A família sadia caracteriza-se pela estabilidade emocional e por uma imagem equilibrada de si mesma. Os pais possuem uma boa capacidade de insight, de verbalização e de comunicação. Por outro lado, as dificuldades da criança não desestabilizam a família e nem são utilizadas secundariamente para resolver conflitos internos.
A família frágil caracteriza-se por uma comunicação restrita no seio do círculo familiar e por um menor interesse pela escolaridade. Os pais têm baixa auto-estima e pouca capacidade de insight embora sejam capazes de gerenciar o comportamento de seu filho, porém essa capacidade é inconstante porque eles tendem a ceder muito facilmente.
A família desorganizada, também chamada de família com problemas múltiplos, caracteriza-se pela ausência de estruturas claras e bem definidas. A desorganização dessas famílias torna difícil sua abordagem terapêutica.

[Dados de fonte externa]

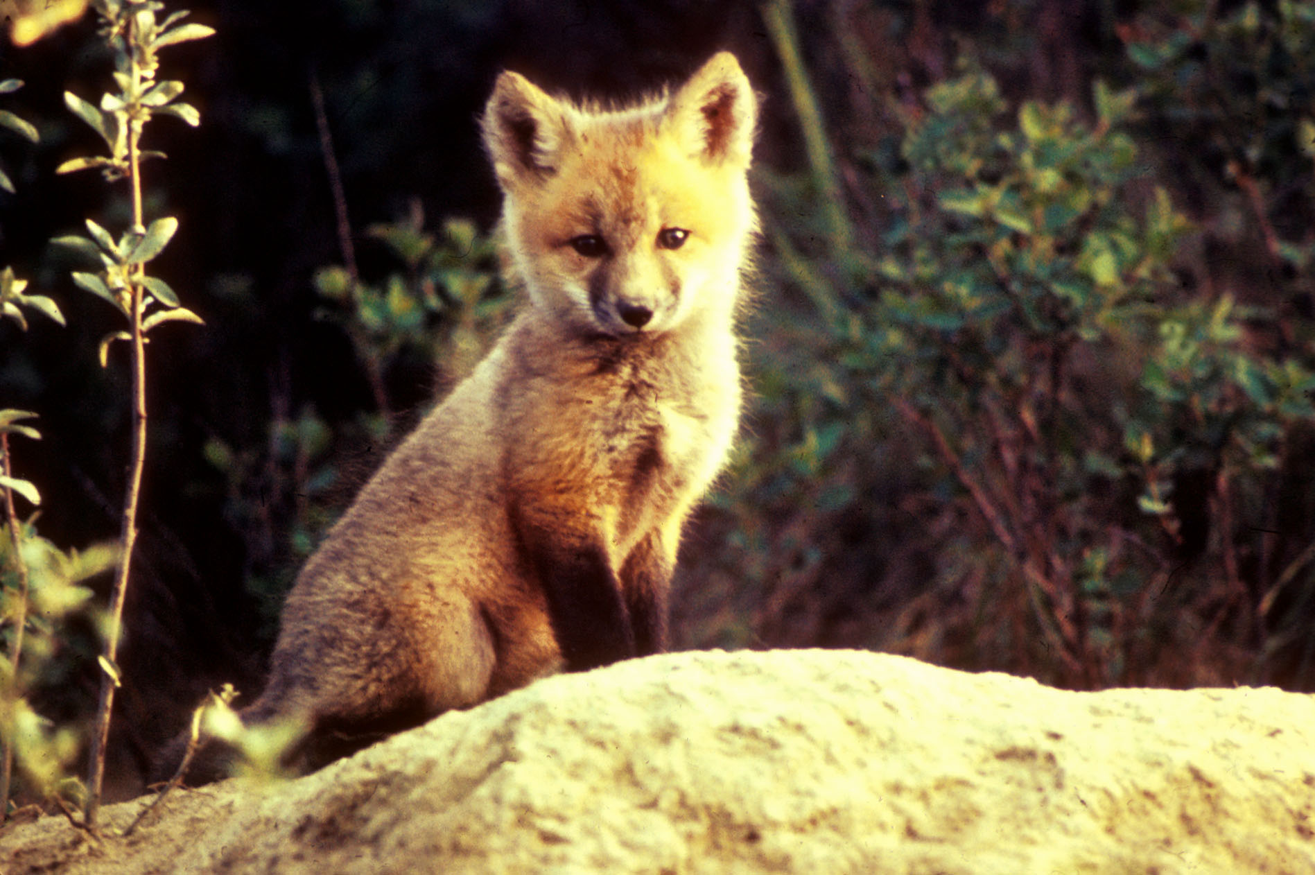 Red fox (Vulpes vulpes).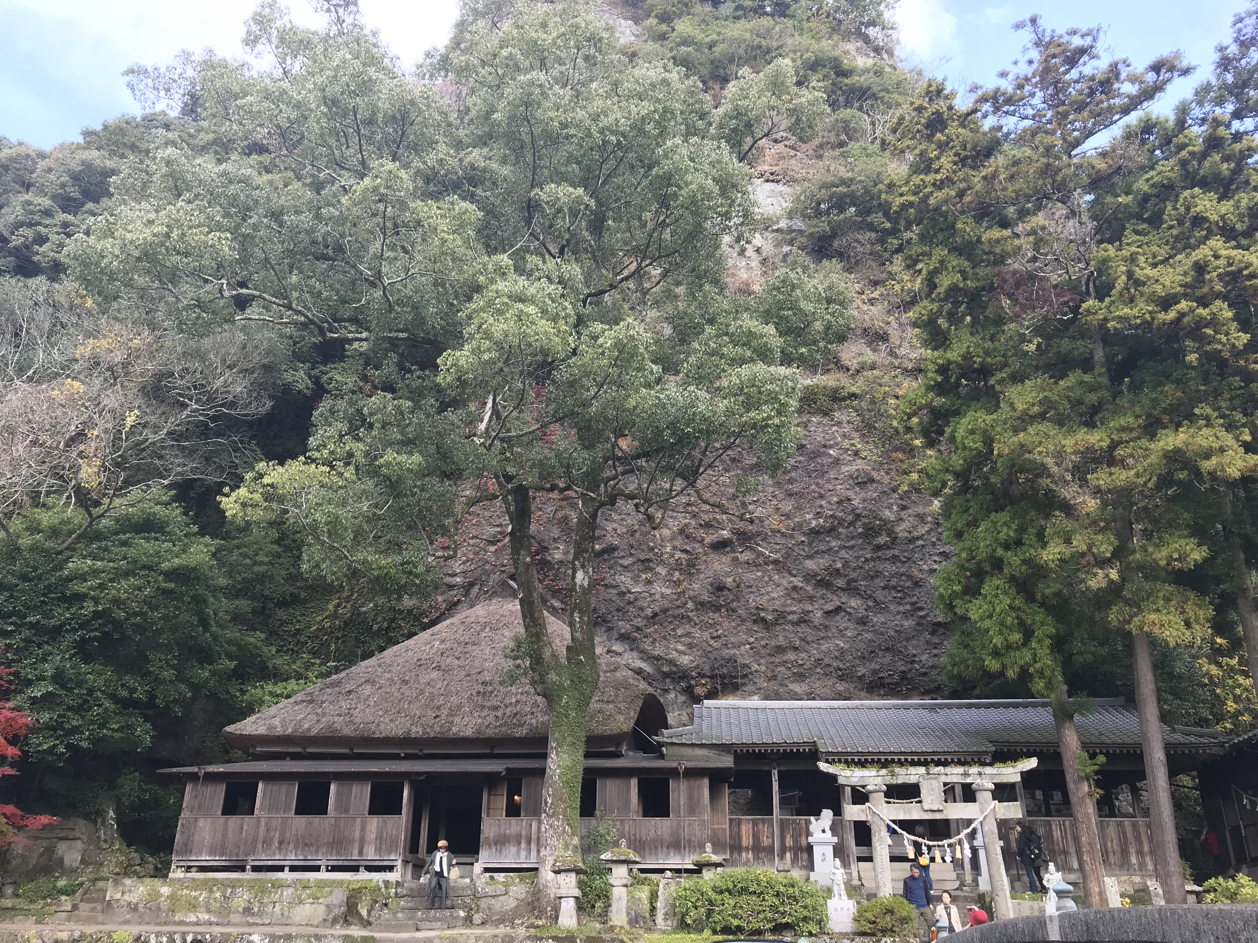 天念寺講堂と身濯神社

A famíla rejeitadora considera que o filho é "responsável " por todas as dificuldades que enfrenta. A criança é culpada constantemente, o que aumenta o sofrimento e sua baixa auto-estima.

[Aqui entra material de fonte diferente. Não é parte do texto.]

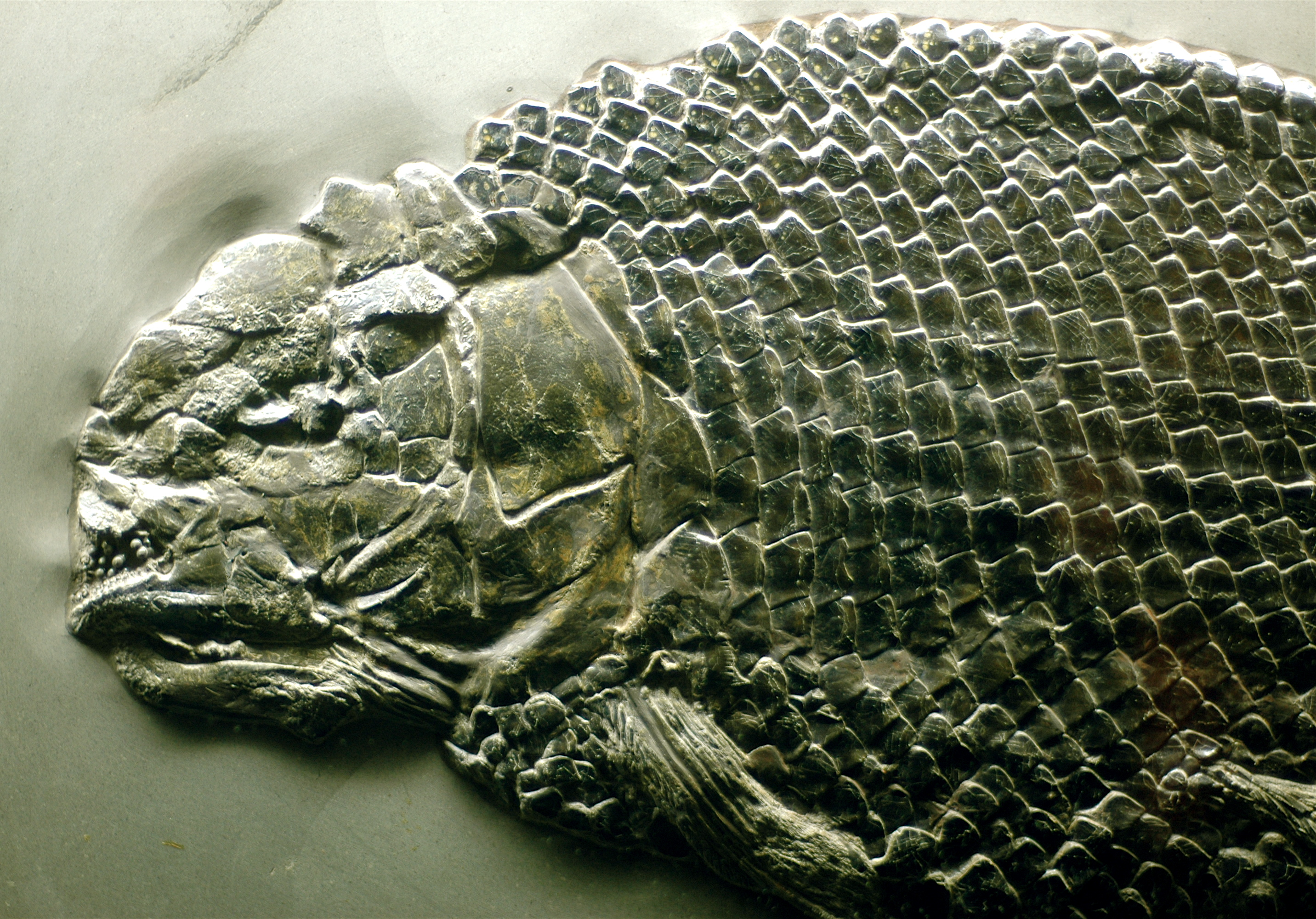 Fossil Lepidotes elvensis skull

A família dividida é aquela em que os pais estão separados ou se divorciaram. Com frequência, o problema da criança é integrado aos conflitos dos pais, que tendem a se desqualificar mutuamente e a atribuir ao outro a responsabilidade pela situação. Pode-se viver então um estado de "racismo familiar", negativo para a criança.
 

Hout, Anne Van -  Dislexias: descrição, avaliação, explicação, tratamento - ArtMed, Porto Alegre,  2001.